Although each driver has their own personal sponsors and paint scheme on their car, all FPA cars were developed and tested, and are maintained and operated by Palmer Sport at their workshop at Bedford Autodrome. And although all cars are prepared for each race weekend in an identical manner, each drivers' car has their own personal mechanic in order to tailor their own personal set-up preferences. The cars operate with an identical weight, with lighter drivers carrying more ballast weight to counter heavier drivers. The telemetry for each car is provided by a Stack data logging system which monitors major parameters of engine operation and G-force, this data can be overlaid post-test/qualify/race sessions with fastest times to evaluate drivers individual performance.
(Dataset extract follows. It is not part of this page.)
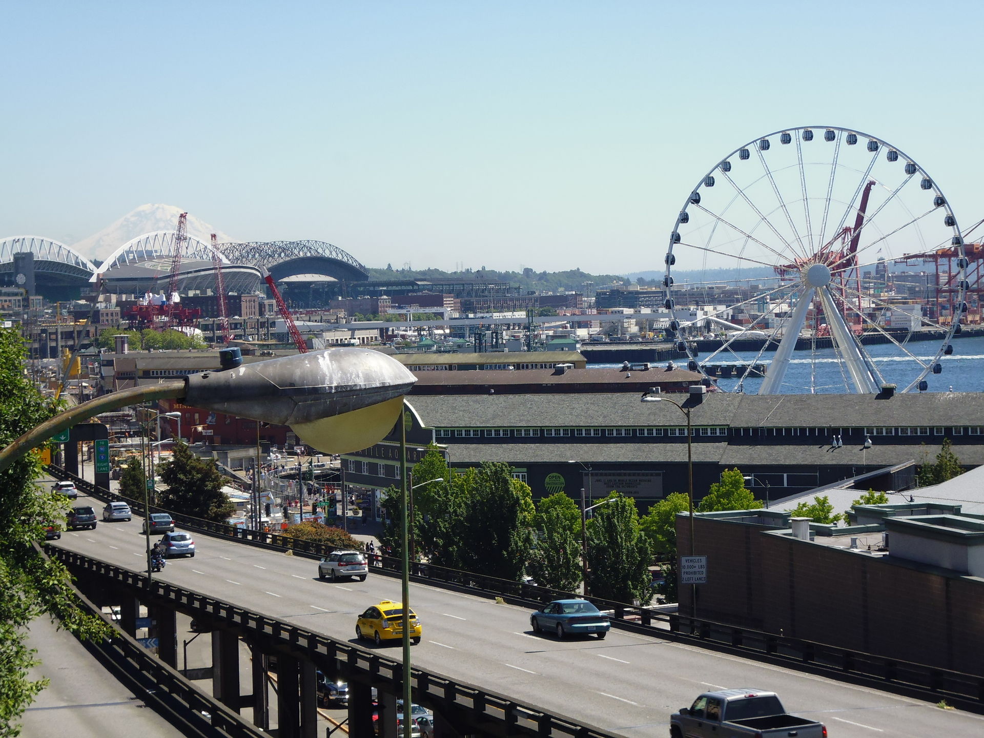 Nach letzten Fotos steuerte ich den Ford kurz vor Mittag wieder zurück auf die Interstate und in Richtung Seattle. Um den Bericht noch ein wenig abzurunden und darin nicht nur einen sehr mittelmässigen Park vorzustellen, möchte ich an dieser Stelle gerne noch ein paar Fotohighlights meiner kurzen Stadtbesichtigung anfügen. Auf der wieder mal dichtgedrängten Fahretappe nach Downtown blieb mir fast das Herz stehen, als natürlich genau auf meiner von insgesamt fünf Spuren drei Autos vor mir jemand eine Reifenpanne haben musste, die alle nachfolgenden Fahrzeuge zum Stillstand und zu recht gefährlichem Umlenken auf die benachbarten und natürlich in normalem Tempo dicht befahrenen Spuren zwang.

The FPA race car is a true 'slicks and wings' package. It uses a custom-developed Avon slick tyre and 13-inch wheels, with 'wet' Avon race tyres also being available. Aerodynamics are assisted with fully adjustable front and rear wings, along with a stepped floor and rear diffuser.

===Powertrain===
As indicated by the name of the championship, there is a professional agreement with Audi AG. The cars are powered by a 300 bhp Audi 1.8-litre, inline four cylinder 20-valve double overhead camshaft turbocharged production petrol engine. Prepared and built by Mountune Racing, the engine also features a driver-operated turbo 'boost' button, which temporarily gives the car a 60 bhp increase. This engine can achieve a 0 to 100 km/h in 2.8 seconds, 0 to 160 km/h in 6.2 seconds, and is capable of propelling the cars to over 270 km/h. Further engine detail includes a Pi Research Pectel motorsport electronic engine control unit and a Garrett T34 turbocharger with an intercooler. Like virtually all 'Formula' cars, the internal combustion engine is mid-mounted behind the driver, and is orientated longitudinally.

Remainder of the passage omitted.